We expect that our net cash provided by operating activities may be adversely affected by continued low commodity prices. We believe
that our expected future cash flows provided by operating activities will be sufficient to fund our normal recurring activities
(other than the potential acquisition of additional oil and natural gas properties), and our contractual obligations. If low commodity
prices continue, we may elect to continue to defer our planned capital expenditures. We believe that our financial flexibility
to adjust our spending levels will provide us with sufficient liquidity to meet our financial obligations should economic conditions
deteriorate.
See
“Risk Factors”
, in our Annual Report filed on Form 10-K with the SEC, for a discussion
of the risks and uncertainties that affect our business and financial and operating results.
Bank
Credit Facility
In
2016, Carbon entered into a 4-year $100.0 million senior secured asset-based revolving credit facility with LegacyTexas Bank.
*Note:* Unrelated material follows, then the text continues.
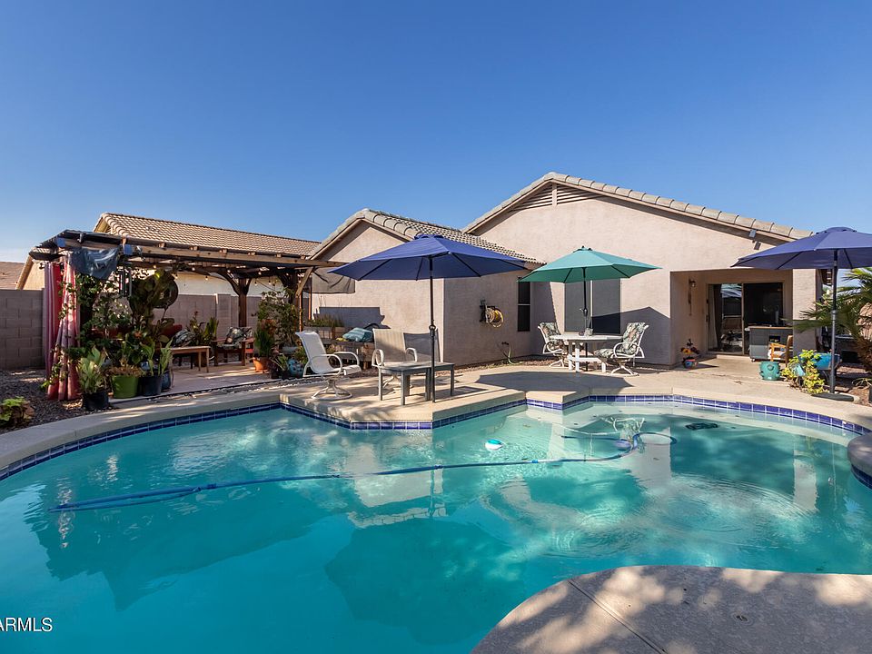 WOW!! 3.37 ASSUMABLE INTEREST RATE! PLEASE ASK YOUR BUYER'S AGENT TO CHECK MLS DOCUMENTS TAB FOR MORE INFO. This is a Charming Single Level Home with Private Pool featuring 3 Bedrooms, 2 Bathrooms, and Open Floorplan with Vaulted Ceilings, ALL Natural Travertine & Wood Floors (No Carpet). The Covered Patio invites indoor & outdoor living in harmony. The Upgraded Kitchen features SS Appliances, Granite Countertops, Recessed Lighting, and Premium Cabinets. The Primary Bedroom is a sanctuary of privacy. Spacious, yet cozy with a view of the beautiful pool. The Primary Bathroom features Brand New Custom Shower. YOU are going to Absolutely Love The Backyard! Featuring a Large Private Pool, Shady Gazebo with Mature Landscaping that provides Complete Privacy. PLEASE SEE 130K FEATURES & UPGRADES.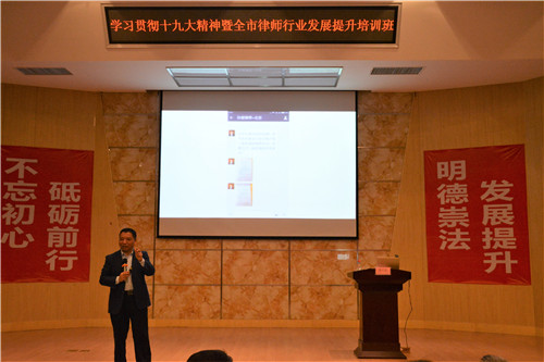 活动伊始,李大发主任首先以一个发展的“发”字,表达了对在场人员的美好祝愿。李主任围绕十九大报告精神中法治部分要加大全面普法力度,引出了当前律师职业的责任、义务和机遇。他还提出,律师讲座是普法的重要形式,因此,掌握生动演讲秘诀也是律师应当学会的技能,不但要会设计悬念,还要懂得在活用图片的同时幽默演讲。现场出售信封环节引发高潮,他以物超所值的成交价格,让与会人员优秀的律师要敢于营销,要善于营销。李主语言风趣幽默,整场讲谈会的氛围轻松愉快,场下观众也积极响应,掌声不断。最后,李大发主任借习主席的话,“撸起袖子加油干”,结束了今天的讲谈会。

LegacyTexas Bank is the initial lender and acts as administrative agent.
The
credit facility has a maximum availability of $100.0 million (with a $500,000 sublimit for letters of credit), which availability
is subject to the amount of the borrowing base. The initial borrowing base established under the credit facility was $17.0 million.
The borrowing base is subject to semi-annual redeterminations in March and September commencing March 2017. On March 30, 2017,
the borrowing base was increased to $23.0 million.
The
credit facility is guaranteed by each existing and future direct or indirect subsidiary of Carbon (subject to certain exceptions).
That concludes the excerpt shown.